Why Reinforcement Learning Will Eat White-Collar Work & Frontier Labs Are the ONLY Ones at the Table
Sholto Douglas and Trenton Bricken, two Anthropic engineers, were on a recent Dwarkesh Patel episode; where they talked about how AI research labs do reinforcement learning on frontier models to automate white collar jobs. The idea behind Reinforcement Learning is: give models data on a specific job function, let them try to accomplish different job tasks (often those with verifiable rewards), get feedback and iterate. Sholto even said:
"Even if you need to hand-spoon every single task to the model, it's like economically worthwhile to do so."

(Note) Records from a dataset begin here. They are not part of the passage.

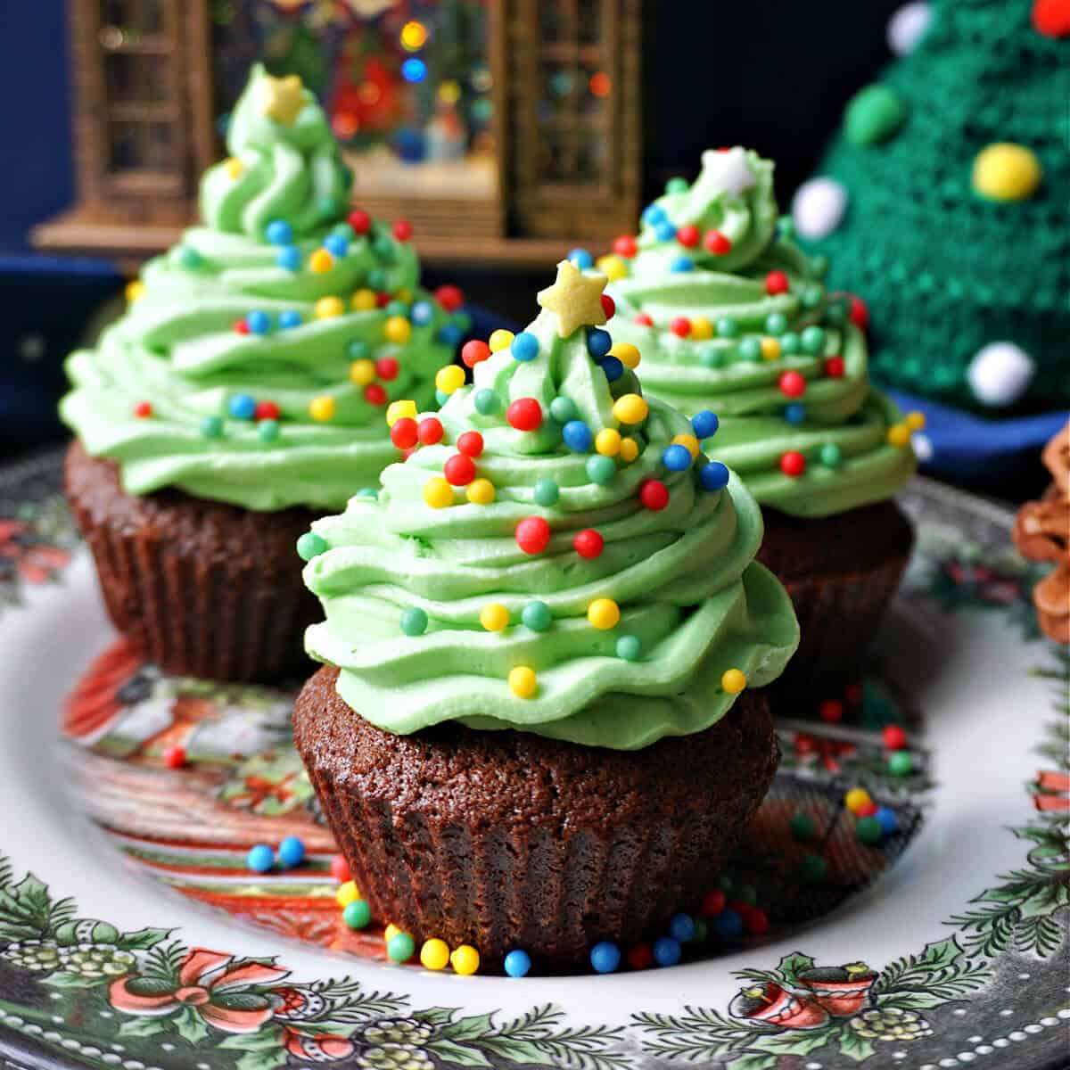 Christmas Tree Cupcakes made with a chocolate sponge base, green vanilla buttercream frosting and sprinkles, a delicious and indulgent Christmas dessert to enjoy during the whole of the festive season. It's a quick and easy to make treat made with easily-available ingredients - the chocolate sponges are moist and chocolatey, while the buttercream is rich and smooth with sugar decorations that resemble baubles. A fantastic family-friendly dessert!
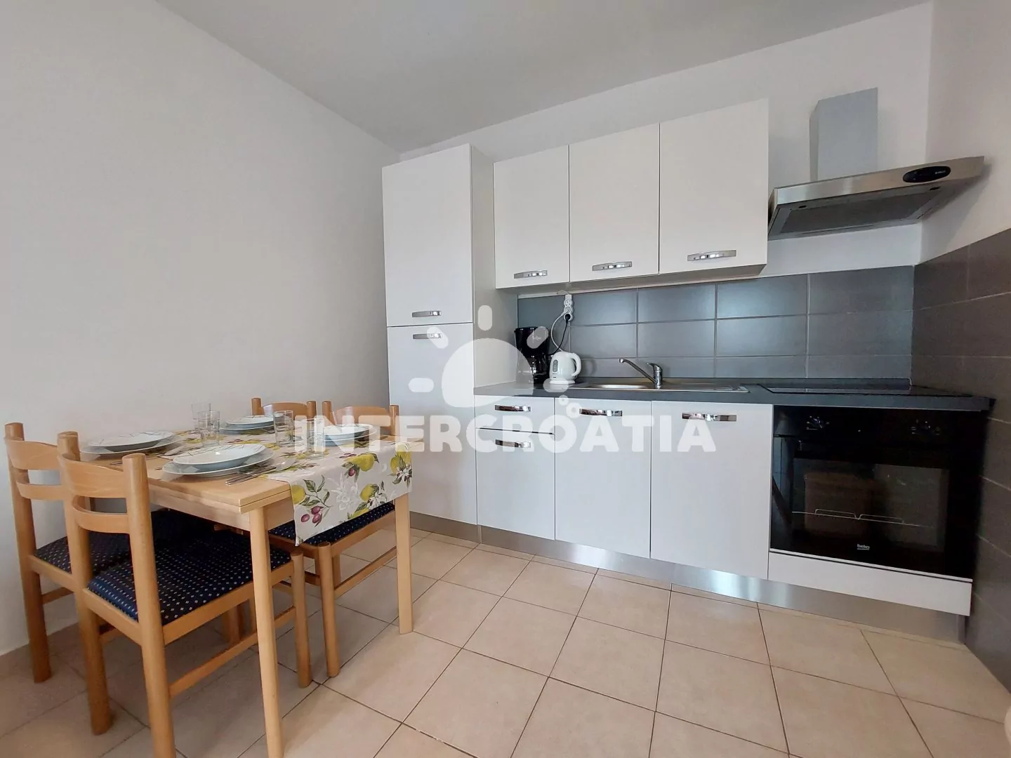 Apartmán (35 m2) s terasou, venkovním posezením a částečným výhledem na moře se nachází v přízemí domu. Apartmán má 1 ložnici a je vhodný pro 2 až 3 osoby. Obývací pokoj je spojený s kuchyní. kuchyňská linka je vybavena varnou deskou, digestoří, vestavěnou troubou, rychlovarnou konvicí, kávovarem, nádobím a lednicí s mrazákem. Obývací pokoj s jídelním stolem, pohovkou (rozložitelná na extra lůžko pro 1 osobu), televizí se satelitním programem a vstupem na terasu. Ložnice dvoulůžkem, klimatizací a vstupem na terasu. Koupelna se sprchovým koutem, umyvadlem a wc. Hostům je k dispozici parkování u objektu zdarma.
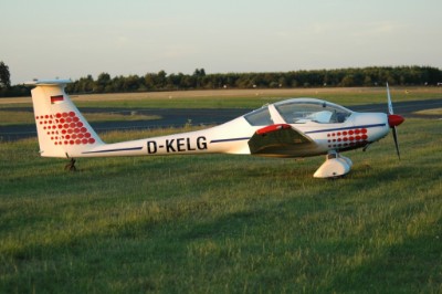 Bei der D-KELG handelt es sich um einen zweisitzigen Motorsegler des Typs Dimona H36. Angetrieben von einem Limbach Motor mit 80 PS, der preiswertes Autobenzin verträgt, erreicht sie in der Luft passable 150 km/h Reisegeschwindigkeit.
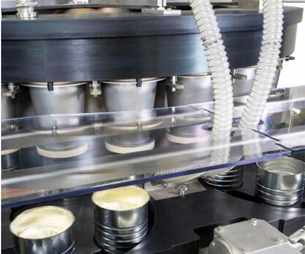 在鐵罐經(jīng)過灌裝星輪的整個期間,施加在鐵罐底部的垂直振動確保鐵罐內的產(chǎn)品更加密實。
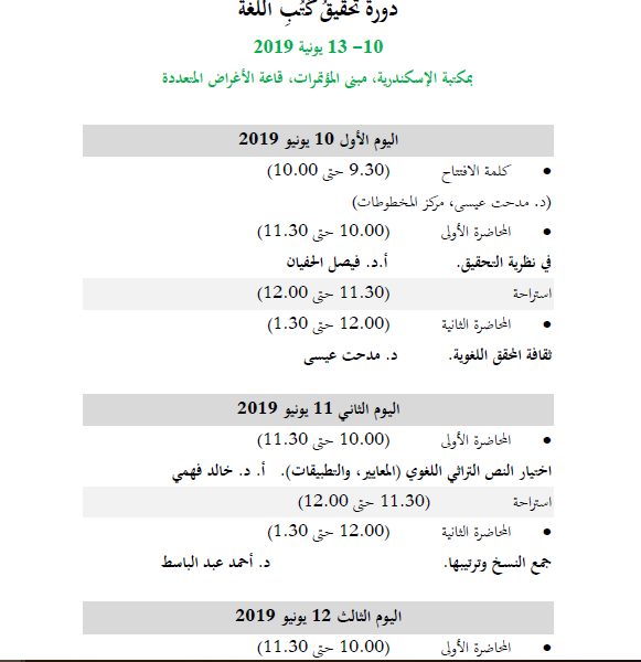 | مكتبة الإسكندرية تنظم دورة "تحقيق النصوص: قضايا ومشكلات" | مصطفى شعبان | أخبار ومناسبات لغوية | 0 | 11-10-2019 07:03 AM |
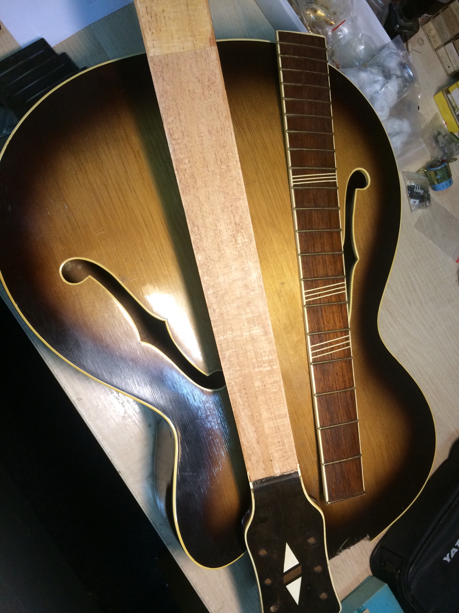 Wpadła mi w ręce gitara typu hollowbody Lignatone, a że lubię tego typu zabawki to chciał bym zrobię z niej wypełni grywalny instrument.
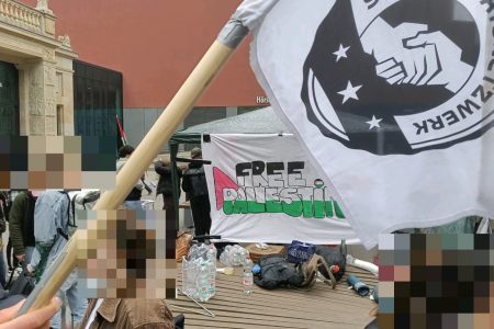 Έξω από το πανεπιστήμιο έχουν συγκεντρωθεί περίπου 60 άτομα, μέλη της οργάνωσης «Πανεπιστημιούπολη Παλαιστίνης».

With Dario's 50% estimate of white collar job loss by 2027 in mind, things start to get real. The TAM of all white-collar salaries is so astronomically high that the CapEx to automate it is completely justified. This is why labs are racing to specialize their models for enterprise. Once a frontier lab can lock in a company like Goldman Sachs; model feedback, data and results form an increasingly relevant moat.*
Why Pre-Training Isn't Enough
Why wasn't dumping all code on Github/internet into pre-training enough to teach models to be good at coding?
*A moat against other frontier labs, who I will argue, through the power of RL, become effectively the only possible incumbents.
Simply looking at vast amounts of code doesn't inherently embed the process of understanding, debugging, and refining code into the model. Iteratively adjusting model weights in a trial & error process, was what ultimately enabled LLMs to learn and generalize coding skills.
Coding happened to be the first domain where this worked because it has a natural verifiable reward signal — code either runs or it doesn't. The principle still applies universally, but non-verifiable tasks pose more challenges when doing RL at scale.
For simple tasks, the reasoning trace — the sequence of intermediate steps between input and output — closely mirrors paths the model has seen thousands of times in training data. RL forces the model to learn how to navigate rather than where others have already walked.
Prompting and Agentic Scaffolding are Hitting a Ceiling
Prompting essentially guides the initial activation of the model's pre-existing, learned patterns. It's like giving the model a starting point – a particular initial configuration in the latent space, nudging the model to explore a pre-existing area of the latent space that happens to be somewhat aligned with the prompt's goal.
Agentic architectures — tool use, retrieval augmentation, multi-step planning, self-reflection loops — solve real problems: they extend what a model can do in a single inference pass.
But they're orchestration layers. They decide when to call the model and what to feed it, but they don't change what the model is capable of reasoning through. This isn't an argument that prompting and agentic frameworks are useless. They're necessary infrastructure. The agent still needs to know when to use which tool, how to decompose a task, when to escalate.
Enterprise Land Grab
Anthropic has been embedding engineers at Goldman Sachs for six months to create AI agents that handle trade accounting, compliance, and client onboarding. OpenAI is doing the same thing. They've hired over 100 former investment bankers from JPMorgan, Goldman, and Morgan Stanley to write prompts and build financial models for IPOs, restructurings, and other transaction types following Wall Street conventions. If you train AI on institutional knowledge that isn't abundant in public datasets and make the best LLM for financial modeling, worst case you're the go-to model provider for that industry. Best case: you completely automate large amounts of work, which gives you more data, which makes your models better.
Notes
We're getting close to AGI-as-tool which basically is a semantic SAT solver: given an input task description, either find a solution, or return that no solution has been found after N tokens of search. RSI here just looks like 9s + efficiency — doesn't auto imply AGI-as-employee.